_COLLECTED MATERIAL:_
▬▬▬▬▬▬▬▬▬▬

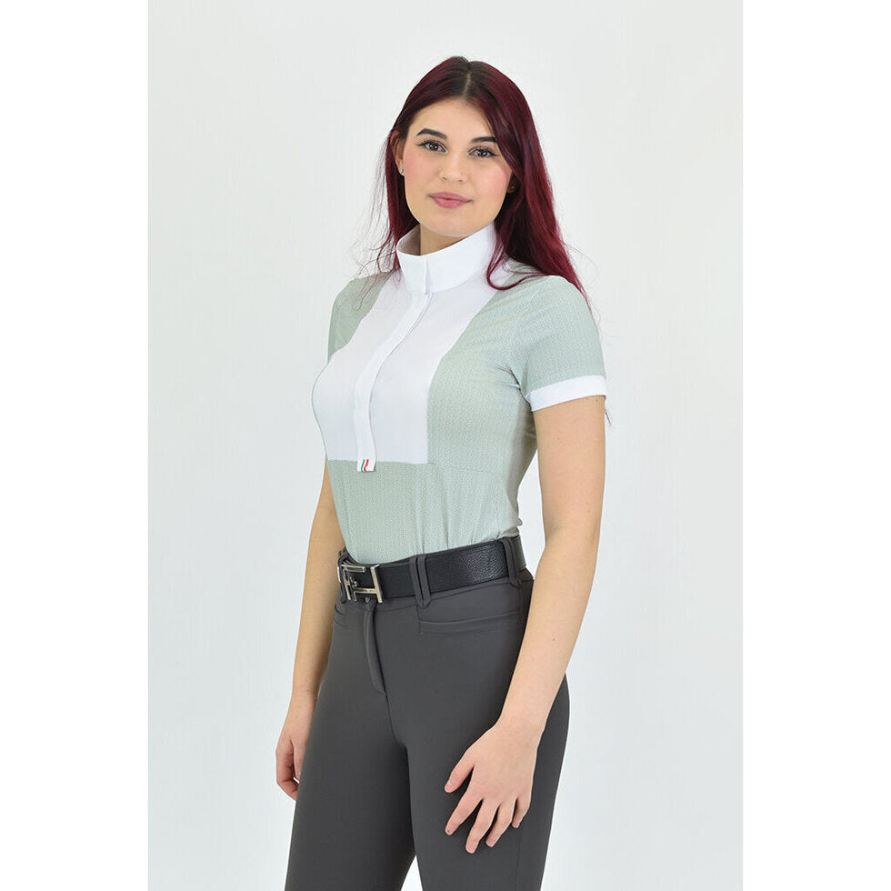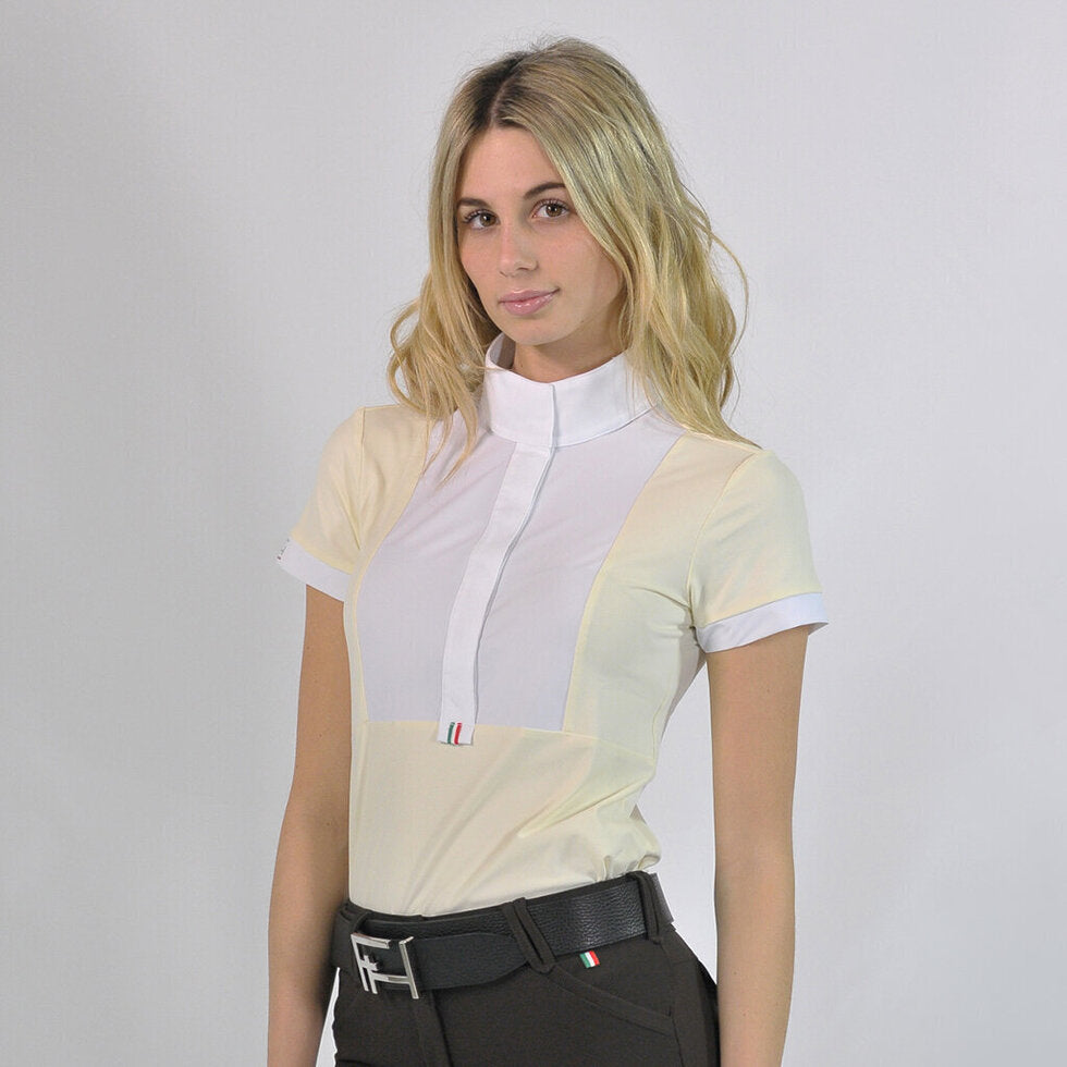 DAPHNE. This elegant, comfortable short-sleeved competition show shirt combines an innovative and modern fabric with a classic equestrian style. Suitable for all seasons thanks to its breathability, silky moisture-wicking feel, and UV protection.
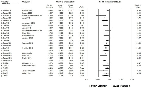 In the advanced subgroup analysis examining different vitamin types and administration routes (Figure 5), topical vitamin D3 (overall effect: −0.826, 95% CI: −1.392 to −0.259, p = 0.004; I2 = 71.683%, p = 0.014) and topical vitamin B12 (overall effect: −0.909, 95% CI: −1.209 to −0.608, p < 0.001; I2 <0.001%, p = 0.714) exhibited the strongest antipruritic effects. Moderate pruritus reduction was observed with topical vitamin B3 (overall effect: −0.506, 95% CI: −0.972 to −0.040, p = 0.033; I2 < 0.001%, p > 0.999), oral vitamin B3 (overall effect: −0.650, 95% CI: −1.219 to −0.081, p = 0.025; I2 < 0.001%, p > 0.999), and oral vitamin E (overall effect: −0.722, 95% CI: −1.273 to −0.170, p = 0.010; I2 = 31.703%, p = 0.226). On the other hand, oral vitamin D2 (overall effect: −0.419, 95% CI: −0.827 to −0.012, p = 0.044; I2 < 0.001%, p = 0.449) and oral vitamin D3 (overall effect: −0.407, 95% CI: −0.688 to −0.125, p = 0.005; I2 = 64.537%, p = 0.010) were associated with a small yet significant reduction in pruritus. These findings suggest that topical applications of vitamin D3 and B12 may be the most effective in alleviating pruritus, while oral vitamin B3, B12, and E also provide considerable benefits. Conversely, oral vitamins D2 and D3, though effective, demonstrated a comparatively weaker impact on pruritus severity.
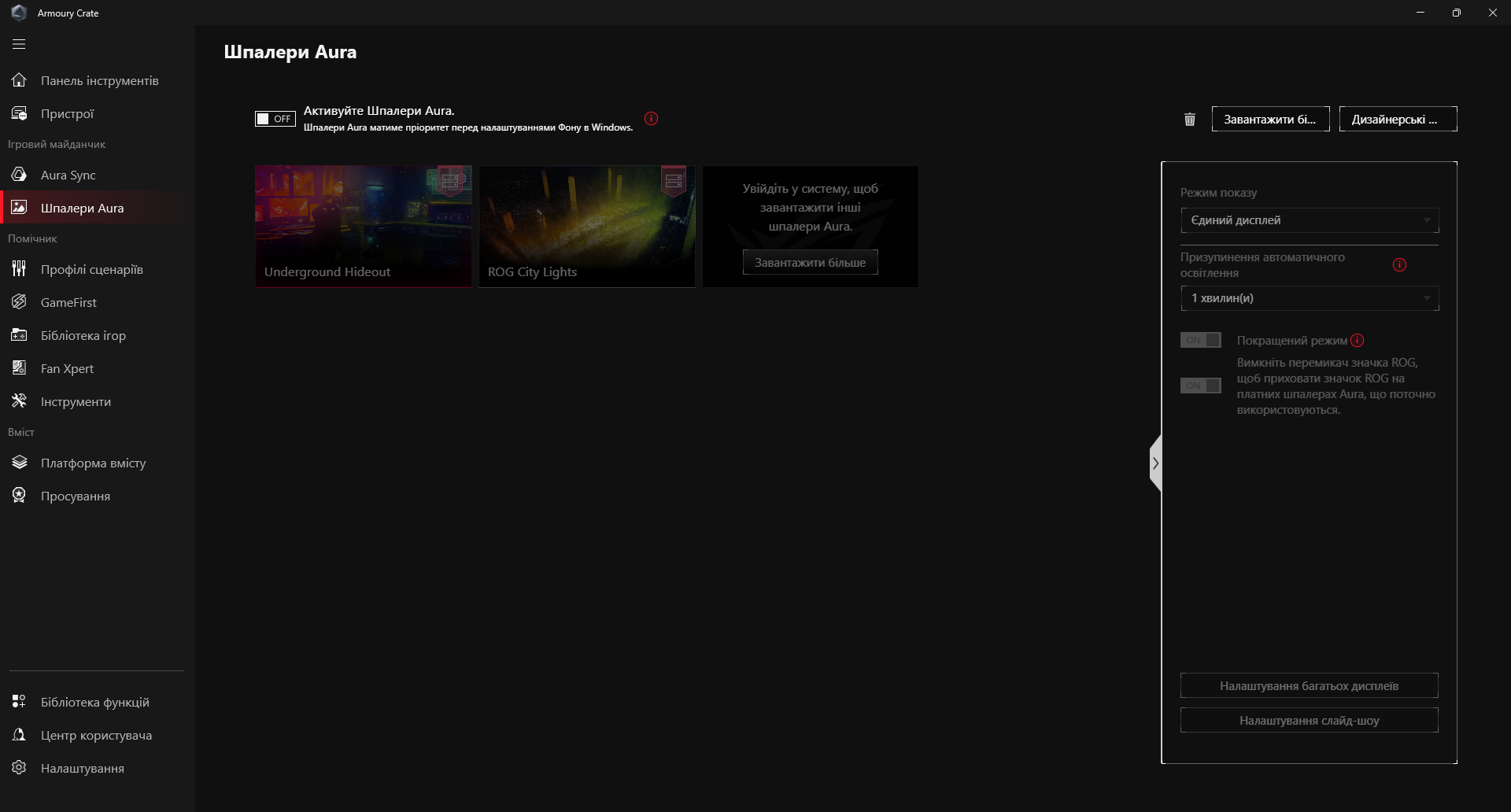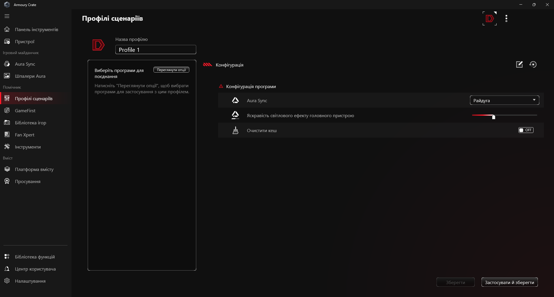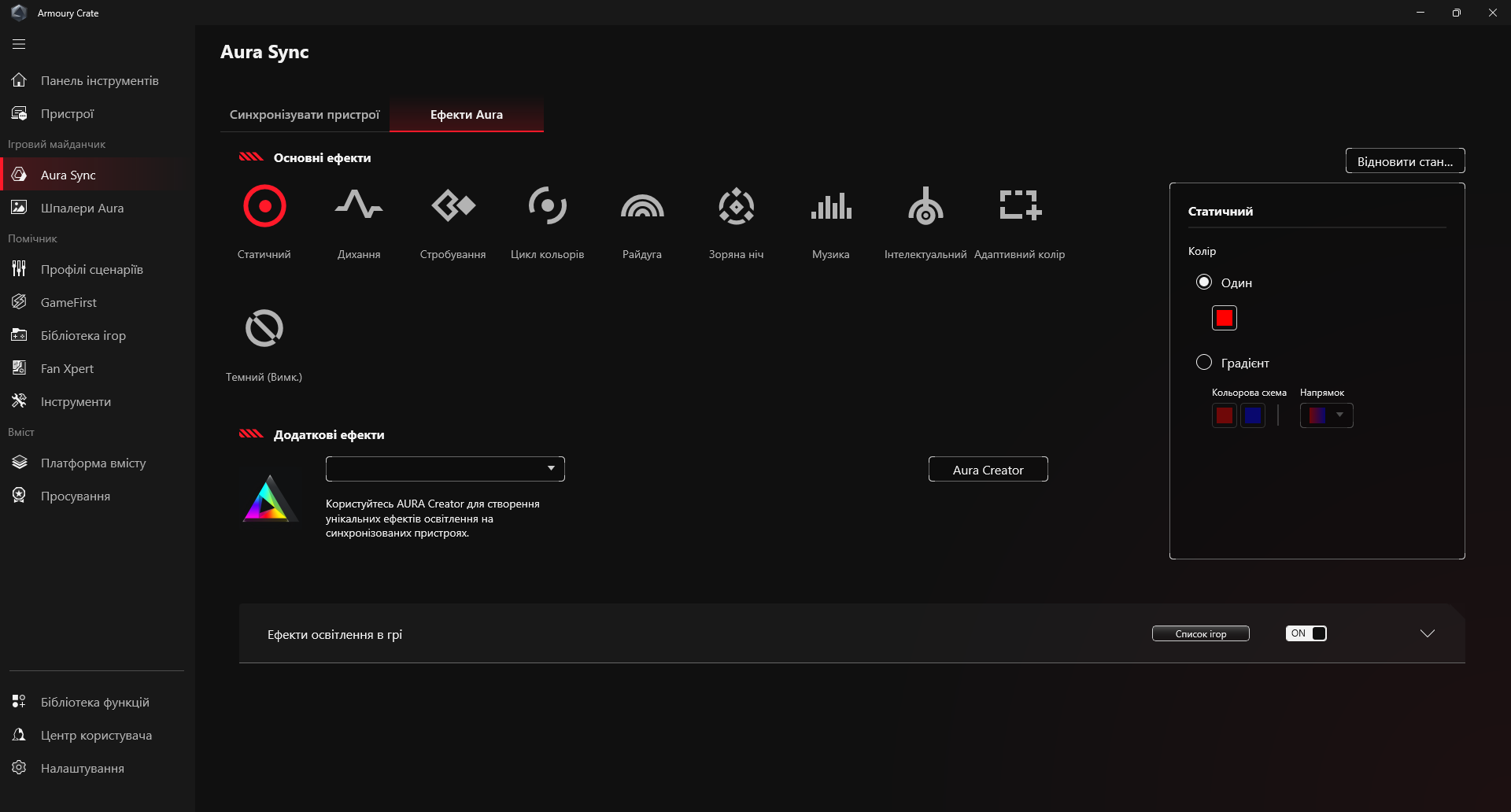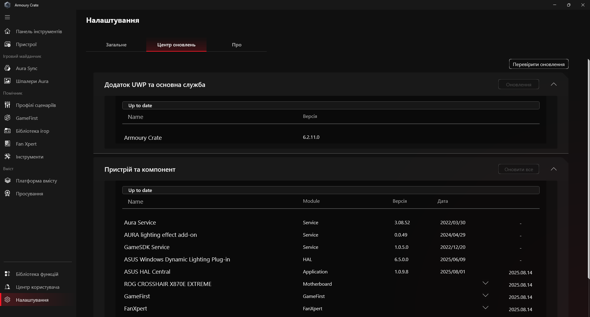 Главный хаб устройств и продукции ASUS — Armoury Crate. Благодаря ему все синхронизируется и управляется из единой консоли. Базовое приложение позволяет зарегистрировать продукт, управлять RGB, получить сводку по различным узлам платформы и управлять ими. Возможно обновлять прошивки фирменных устройств вроде манипуляторов, а также настраивать их через интерфейс Armoury Crate. Дополнительно можно оптимизировать систему под обнаруженные игры, создавать профили для разных сценариев использования, установить дополнительные модули типа Virtual Pet, добавить функции игровой площадки, помощника, службы предоставления контента. В приложении присутствует украинская локализация. Обновление драйверов происходит отдельно через веб-интерфейс ASUS DriverHub.

▬▬▬▬▬▬▬▬▬▬

_TASK REQUIREMENTS:_ What you return should match the material line for line, with the images removed.

_SOLVED PROBLEM:_
 DAPHNE. This elegant, comfortable short-sleeved competition show shirt combines an innovative and modern fabric with a classic equestrian style. Suitable for all seasons thanks to its breathability, silky moisture-wicking feel, and UV protection.
 In the advanced subgroup analysis examining different vitamin types and administration routes (Figure 5), topical vitamin D3 (overall effect: −0.826, 95% CI: −1.392 to −0.259, p = 0.004; I2 = 71.683%, p = 0.014) and topical vitamin B12 (overall effect: −0.909, 95% CI: −1.209 to −0.608, p < 0.001; I2 <0.001%, p = 0.714) exhibited the strongest antipruritic effects. Moderate pruritus reduction was observed with topical vitamin B3 (overall effect: −0.506, 95% CI: −0.972 to −0.040, p = 0.033; I2 < 0.001%, p > 0.999), oral vitamin B3 (overall effect: −0.650, 95% CI: −1.219 to −0.081, p = 0.025; I2 < 0.001%, p > 0.999), and oral vitamin E (overall effect: −0.722, 95% CI: −1.273 to −0.170, p = 0.010; I2 = 31.703%, p = 0.226). On the other hand, oral vitamin D2 (overall effect: −0.419, 95% CI: −0.827 to −0.012, p = 0.044; I2 < 0.001%, p = 0.449) and oral vitamin D3 (overall effect: −0.407, 95% CI: −0.688 to −0.125, p = 0.005; I2 = 64.537%, p = 0.010) were associated with a small yet significant reduction in pruritus. These findings suggest that topical applications of vitamin D3 and B12 may be the most effective in alleviating pruritus, while oral vitamin B3, B12, and E also provide considerable benefits. Conversely, oral vitamins D2 and D3, though effective, demonstrated a comparatively weaker impact on pruritus severity.
 Главный хаб устройств и продукции ASUS — Armoury Crate. Благодаря ему все синхронизируется и управляется из единой консоли. Базовое приложение позволяет зарегистрировать продукт, управлять RGB, получить сводку по различным узлам платформы и управлять ими. Возможно обновлять прошивки фирменных устройств вроде манипуляторов, а также настраивать их через интерфейс Armoury Crate. Дополнительно можно оптимизировать систему под обнаруженные игры, создавать профили для разных сценариев использования, установить дополнительные модули типа Virtual Pet, добавить функции игровой площадки, помощника, службы предоставления контента. В приложении присутствует украинская локализация. Обновление драйверов происходит отдельно через веб-интерфейс ASUS DriverHub.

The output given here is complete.